In the world of international trade, the process of exchanging payments, information and documents between buyers, sellers, banks, and other involved parties is becoming increasingly important for financial institutions. This community aims at presenting views and innovative ideas related to this financial supply chain space.

SAP and Ariba: A marriage with no honeymoon?

08 October 2013  |  6526 views  |  0

In May 2012, giant German ERP vendor SAP acquired Ariba, a sourcing strategy and B2B network provider (http://dealbook.nytimes.com/2012/05/22/sap-agrees-to-acquire-ariba-for-4-5-billion/?_r=0). Since then, SAP and Ariba have actively deployed solutions in the financial services domain, including SAP’s Financial Services Network (FSN), the connectivity hub that connects banks and other financial institutions with their corporate customers on a secure network owned and managed by SAP. A year later, Ariba signed a strategic partnership with Discover to support B2B payments over the Discover Network. 

While it is clear how Ariba and Discover intend to partner by linking the physical supply chain (i.e., via the Ariba Network) with the financial chain (i.e., Discover Network’s payments), after almost 18 months SAP has revealed no clear strategy on how it intends to leverage the Ariba acquisition for financial services. The combination of the Ariba Network and SAP's FSN should enable SAP to integrate the physical and financial chains of its customer base, but no such announcement has been made. What will SAP do with Ariba? While Ariba's “arm's-length” management policy may reassure some of its existing clients that their investment in Ariba will preserved, the firm should provide some clarity on future direction for those waiting to see what integration process they await and what fruit the process is likely to bear. 

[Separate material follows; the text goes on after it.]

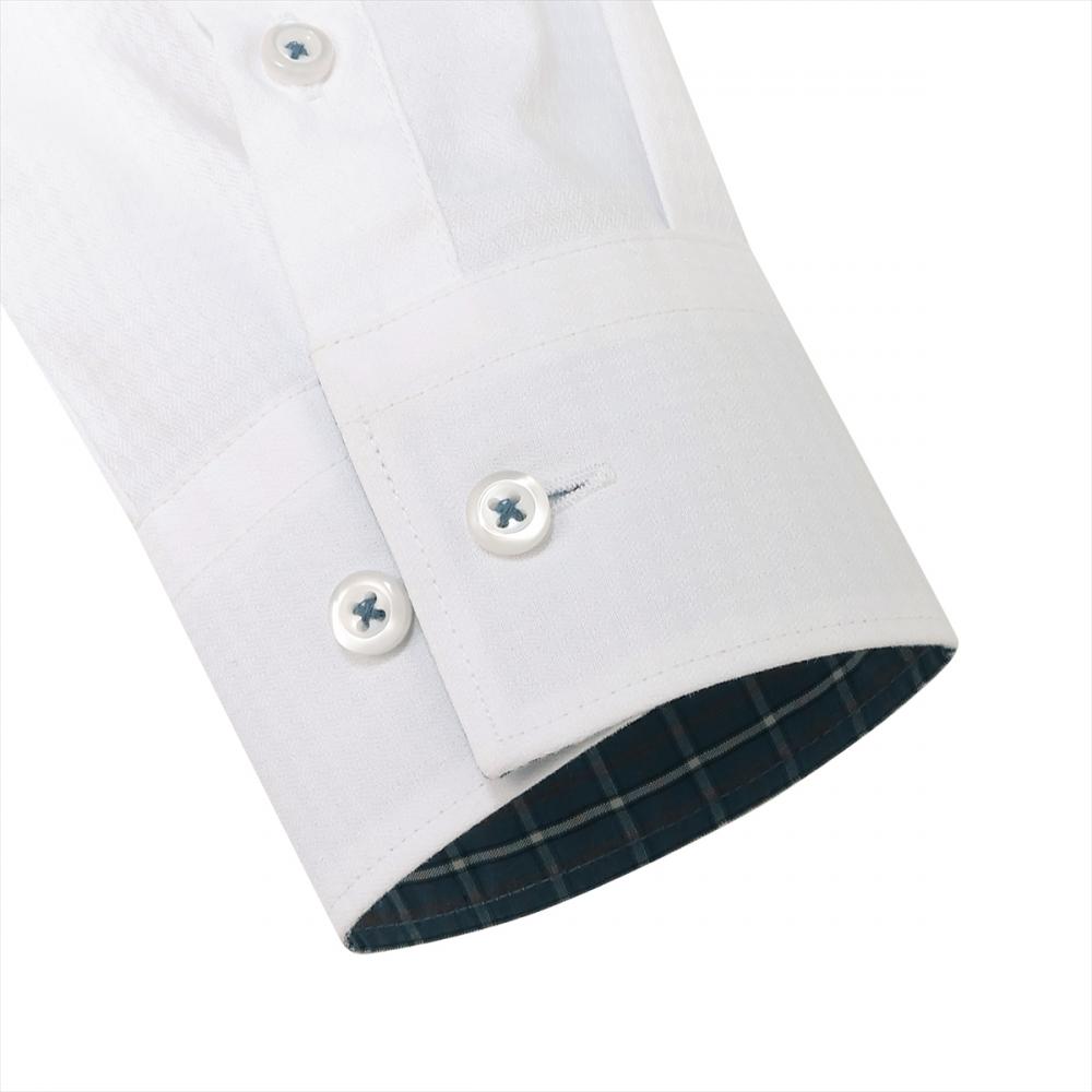 形態安定加工と綿×ポリエステル 素材で、クリーニング要らずの 自宅で取扱い楽ちんのワイシャツ。衿型 レギュラー衿 素材 ポリエステル65% 綿35%

Otherwise, the market will suspect that the acquisition was purely about driving shareholder value. Ariba’s shareholders enjoyed a once-in-lifetime premium of nearly 20% over the company’s share value when the company was acquired by SAP, and some may accuse SAP of grabbing control of a specialized and highly populated B2B network with no true intentions other than expanding market reach. While this option would not be inherently wrong, it would certainly dilute the expectations on SAP's ability to build a globally integrated B2B financial supply chain. 

The upcoming EuroFinance event would be the ideal venue for SAP to provide a clear strategy proposition regarding the future of SAP's FSN and Ariba. Will it make an announcement, or won't it?

TagsWholesale bankingInnovation

Comments: (1)

enrico camerinelli - Aite Group - Boston | 31 October, 2013, 17:59

This is an update to my previous post.

At Eurofinance 2013 Sanjay Chikarmane- SVP & General Manager, Global Technology Solutions at SAP- explained to me SAP's view on the respective roles that SAP FSN and Ariba Network will play: Ariba Network will connect businesses allowing them to exchange data for B2B relationships. SAP FSN will take care of connecting the corporate side with banks to transact payments instructions and messages.

Both systems will co-exist to cover the physical (i.e, Ariba Network) and the financial (i.e, SAP FSN) chains of interconnected companies. The illustration in http://www.slideshare.net/tcameri/sap-ariba-integration-model should further help visualize SAP’s strategy.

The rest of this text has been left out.